Your assignment: Reproduce the listing below character for character; drop every image.

Data excerpt:
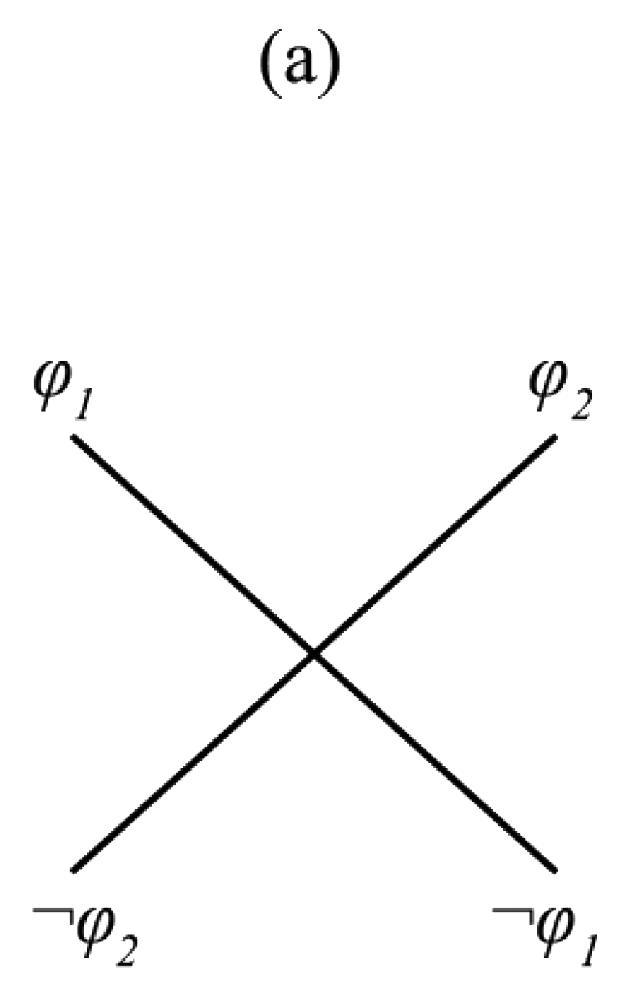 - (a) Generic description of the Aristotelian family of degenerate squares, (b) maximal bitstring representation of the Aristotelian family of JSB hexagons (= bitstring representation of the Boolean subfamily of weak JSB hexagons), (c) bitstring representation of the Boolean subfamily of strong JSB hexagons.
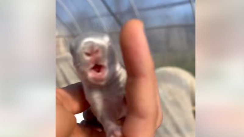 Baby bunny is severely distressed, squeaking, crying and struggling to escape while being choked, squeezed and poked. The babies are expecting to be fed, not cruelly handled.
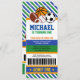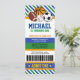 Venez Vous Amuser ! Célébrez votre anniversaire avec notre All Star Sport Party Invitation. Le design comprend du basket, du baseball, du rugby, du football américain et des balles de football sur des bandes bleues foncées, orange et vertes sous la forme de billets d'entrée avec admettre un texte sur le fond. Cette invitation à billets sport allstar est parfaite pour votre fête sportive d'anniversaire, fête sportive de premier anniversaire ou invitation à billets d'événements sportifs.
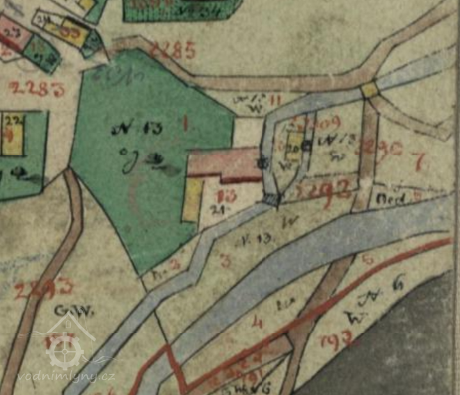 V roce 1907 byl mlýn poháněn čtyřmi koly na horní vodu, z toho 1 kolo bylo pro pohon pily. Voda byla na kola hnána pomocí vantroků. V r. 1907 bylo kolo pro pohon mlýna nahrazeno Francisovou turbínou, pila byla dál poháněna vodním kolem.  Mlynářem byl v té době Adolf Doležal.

Result of the exercise:
 - (a) Generic description of the Aristotelian family of degenerate squares, (b) maximal bitstring representation of the Aristotelian family of JSB hexagons (= bitstring representation of the Boolean subfamily of weak JSB hexagons), (c) bitstring representation of the Boolean subfamily of strong JSB hexagons.
 Baby bunny is severely distressed, squeaking, crying and struggling to escape while being choked, squeezed and poked. The babies are expecting to be fed, not cruelly handled.
 Venez Vous Amuser ! Célébrez votre anniversaire avec notre All Star Sport Party Invitation. Le design comprend du basket, du baseball, du rugby, du football américain et des balles de football sur des bandes bleues foncées, orange et vertes sous la forme de billets d'entrée avec admettre un texte sur le fond. Cette invitation à billets sport allstar est parfaite pour votre fête sportive d'anniversaire, fête sportive de premier anniversaire ou invitation à billets d'événements sportifs.
 V roce 1907 byl mlýn poháněn čtyřmi koly na horní vodu, z toho 1 kolo bylo pro pohon pily. Voda byla na kola hnána pomocí vantroků. V r. 1907 bylo kolo pro pohon mlýna nahrazeno Francisovou turbínou, pila byla dál poháněna vodním kolem.  Mlynářem byl v té době Adolf Doležal.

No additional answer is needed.